• **DATA FOR PROCESSING**:
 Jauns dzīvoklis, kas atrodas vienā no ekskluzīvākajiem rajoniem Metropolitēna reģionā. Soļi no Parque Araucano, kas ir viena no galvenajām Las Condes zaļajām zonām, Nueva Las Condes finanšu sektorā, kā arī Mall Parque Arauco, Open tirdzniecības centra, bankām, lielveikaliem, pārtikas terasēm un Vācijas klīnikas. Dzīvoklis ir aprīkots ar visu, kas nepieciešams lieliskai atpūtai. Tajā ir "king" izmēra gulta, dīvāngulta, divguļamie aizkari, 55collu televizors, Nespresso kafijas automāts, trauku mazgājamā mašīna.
==
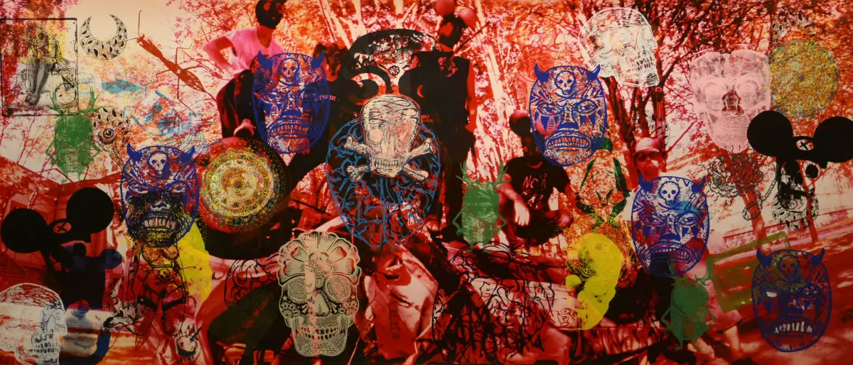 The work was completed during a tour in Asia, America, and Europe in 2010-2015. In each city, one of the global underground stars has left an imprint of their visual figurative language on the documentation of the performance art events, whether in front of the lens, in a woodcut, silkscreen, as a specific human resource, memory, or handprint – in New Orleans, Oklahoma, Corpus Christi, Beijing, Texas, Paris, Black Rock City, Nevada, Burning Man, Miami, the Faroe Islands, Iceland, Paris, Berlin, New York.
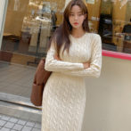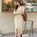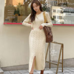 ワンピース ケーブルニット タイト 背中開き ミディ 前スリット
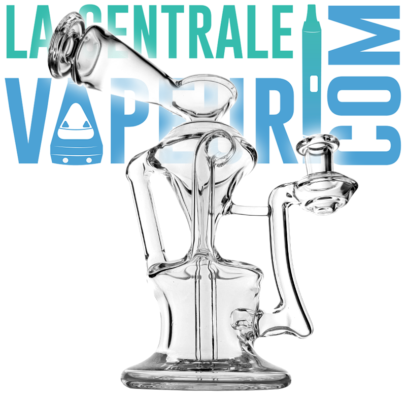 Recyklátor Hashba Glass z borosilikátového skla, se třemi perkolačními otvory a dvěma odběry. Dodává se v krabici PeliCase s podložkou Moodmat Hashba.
==
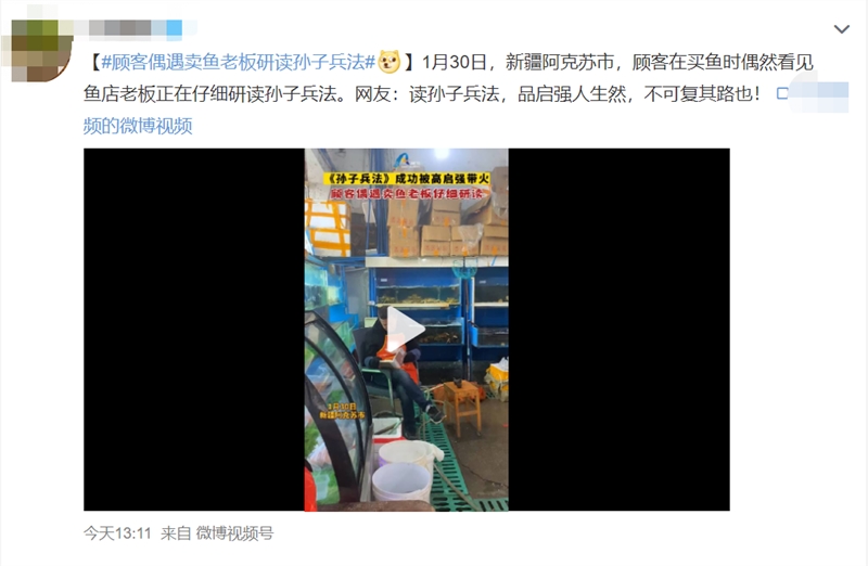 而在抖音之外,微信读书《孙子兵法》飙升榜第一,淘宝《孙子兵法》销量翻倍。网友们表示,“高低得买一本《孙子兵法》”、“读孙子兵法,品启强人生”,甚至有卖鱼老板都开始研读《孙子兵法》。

• **YOUR OBJECTIVE**: Keep to the lines above from the line with "ワンピース ケーブルニット タイト 背中開き ミディ 前スリット" to the line with "Recyklátor Hashba Glass", and set down exactly those, inclusive, with nothing else and every picture left out.

• **OUTPUT OF THE EXERCISE**:
 ワンピース ケーブルニット タイト 背中開き ミディ 前スリット
 Recyklátor Hashba Glass z borosilikátového skla, se třemi perkolačními otvory a dvěma odběry. Dodává se v krabici PeliCase s podložkou Moodmat Hashba.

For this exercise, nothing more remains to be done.